I am amazed at how feminine 50s women are. Also, I love the Marilyn Monroe style haircuts. If only I had a time machine…
@Paul
Surprised to see that WSP reference on this site. If I may, 1987 was a bit early for them. They hit their apex in 1997-2000 I think. But yes, replace the bourbon for a single malt and I’m right there with you.
Great album covers during that era. As a lad, I particularly enjoyed the lower back on the chick on George Shearing’s Latin Lace cover. Liner notes, deeper, richer sound, great graphics and infinitely better music.
Will
Arrived home, old fashioned poured, Bob Thompson on Spotify….
@JLH: I saw them live in ’99 in Wilmington, (De), but first heard them in Farmville in the late 80s (probably on someone’s tape deck!).
And if 1958 in USA was a sweet time..oh boy…you should have seen in Italy!

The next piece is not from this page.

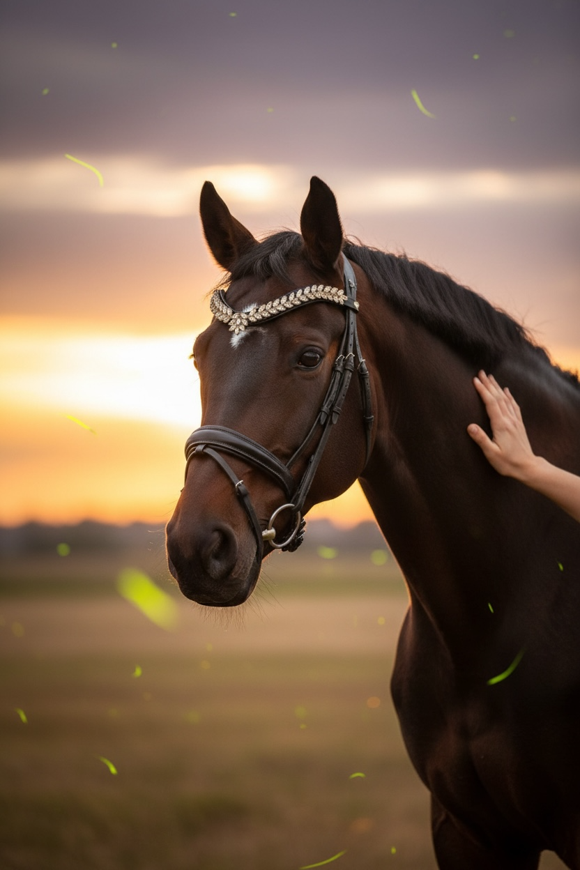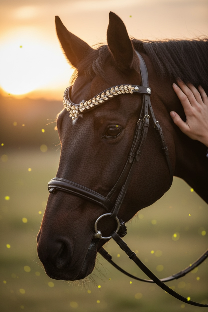 Verleihen Sie Ihrem Pferd einen glamourösen Auftritt mit unserem Stirnriemen "Crown of the sun" mit braunem Leder. Die funkelnden Glitzerelemente setzen bezaubernde Akzente, während der praktische Schnellverschluss für mühelose Handhabung sorgt. Ein unverzichtbares Accessoire für stilbewusste Reiter, die Wert auf Eleganz und Funktionalität legen.

Low taxes,slow-non competitive- pleasent life,innovative design, spirited smart cars,scooters,curvaceous ladies,finest bespoke suits and shirts ad affordable prices…and Hollywood on Tiber,Via Veneto,the smart set,Venice,Florence,Capri,Taormina…and of course Marcello with his sun glasses!
’58 is the year Tom and Dickie go to Italy.
@Paul: I still have some old Dead and WSP bootleg tapes, but nothing on which to play them. Mixed tapes were an art too.
Thanks for honoring my dad! He aspired to not be a square and often was overdressed for the California weather!
Thanks for honoring my dad! He aspired to not be a square and often was overdressed for the California weather! He did like Brooks Brothers but I have no idea if that is where he did his shopping at that time. He horrified his parents by wearing a zoot suit to the High School dance but he’d left that hidey-ho behind by the period in question.